In this post we will talk about testing server software, which serves a huge network of bank terminals in Russia and abroad. We cannot disclose the name of the bank, some lines of configs are hidden.

So, we are developing this software using a modern CI / CD approach, which ensures a high speed of delivery of features, hotfixes and releases in production. At the beginning of the year, we were offered the task of providing load testing of the developed solution and demonstrating to the customer the ability to embed any subtasks and steps into CI / CD.

In addition to common words, Wishlist boiled down to the following: it is necessary to provide automatic deployment of software to the load stand, think up an easy way to generate data, implement an automatic and semi-automatic way to start tests, provide tests with an automatic start and stop trigger on an event, connect the mechanics of NT to the task tracker for a short reporting, connect the testing system to the available NT analytics system, create the possibility of “painting” bad and good releases for further actions in the workflow (roll out or send Avit report).
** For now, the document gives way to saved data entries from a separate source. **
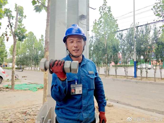 6月15日傍晚6時余,國網(wǎng)陽谷縣供電公司8名員工仍在10千伏谷山線改造現(xiàn)場緊張施工,他們按位置蹲好,用大號扳手緊固拳頭大小的螺絲帽??吹叫【帥]見過世面的樣子,熱情的王師傅詳細演示了一遍螺絲緊固過程,開玩笑道:小哥,啞鈴大的螺絲見過沒? ????
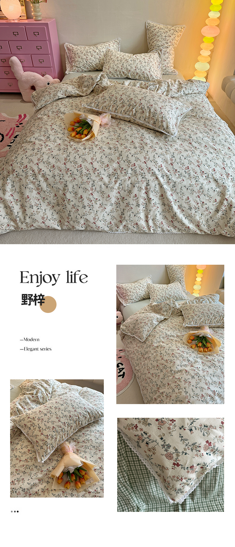 商品名称:千朵 2023新款全棉水洗带边四件套 野梓
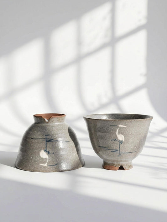 Vintage Tachikichi Crane Teacup | Showa Retro Japanese Heron Egret Yunomi | Symbol of Purity & Longevity
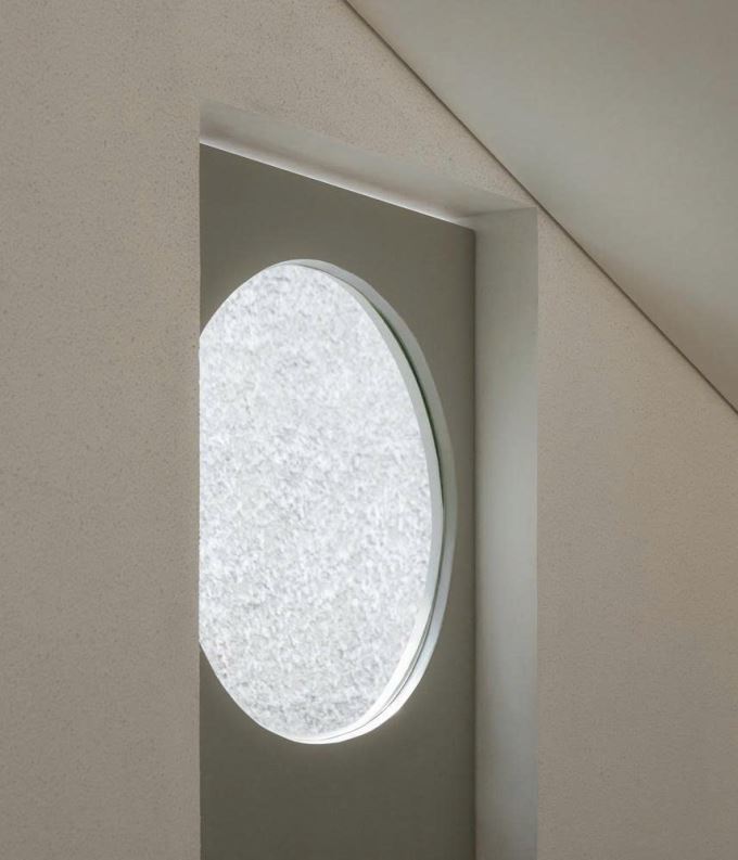 Cửa sổ tròn đặt tại vị trí mái nghiêng, tăng khả năng lấy sáng tự nhiên và tạo đường nét mềm mại cho không gian sống

The requirements, it must be admitted, are absolutely adequate and understandable.

Automation

Let's start from afar. We constantly hear the same thing: “It is impossible to automate load testing of banking and financial software! We have too many relationships! We are very complicated! ”. This challenge only increased the excitement of solving the problem. We always wanted to check the complexity of a specific example.
')
Remember the wonderful picture about testing in the form of a pyramid and a cone with ice cream ? Pyramid is when you have a lot of cheap automatic Unit-tests and few expensive UIs. Horn with ice cream - on the contrary. The horn is expensive, unwieldy and does not scale, the pyramid is cheap and flexible.

Instead of doing load testing of software at the level of system interactions, in the banking software sector, traditionally everyone tests through UI, as has been the case since all-in-one systems and applications. It takes a lot of time and effort, which makes the development of banking software slow, poor quality and low-tech. At Jet Infosystems, we were spared these stereotypes - the developers themselves wrote unit tests on their code, functional testers perfectly programmed UI tests through Selenium + Cucumber . It remains only to build in the process an additional stage of load testing.

Infrastructure design

At the very beginning we decided to abandon interconnections that complicate and dilute the answer to the question of how productive and reliable code we are developing. For example, authorization and issuance of tokens for operations is the functionality of a third-party system, the performance of which within the framework of the task would be redundant. In addition, we immediately refused to integrate with several back-office systems, making a stub that responds to our system with a certain delay (we all know how dangerous it is to test the system on ultra-fast mocks).
But the most significant change in the testing paradigm is the rejection of the load testing of the UI terminal. Until now, this seems strange, but before us this server software was load-tested through the UI ATM. This happened as follows: some average user was emulated, which passed through some kind of scenario pool with a set of middle pauses (picing, think time), and the load tool was forced to create a load that consists of long and “cold” scenarios from several load generators HP Loadrunner, while the resulting load on one node of the API server was only about a hundred (!) Transactions per second. (Let's leave out the insane picture when thousands of citizens are trying to click on the controls of a single bank terminal). As a result, practically everything that was not related to the performance of the ATM backend was thrown out of the stand.

After designing and inspecting the remaining infrastructure, it became approximately clear how the process would be built, what benefits would be received, and it was necessary to start creating the NT process itself.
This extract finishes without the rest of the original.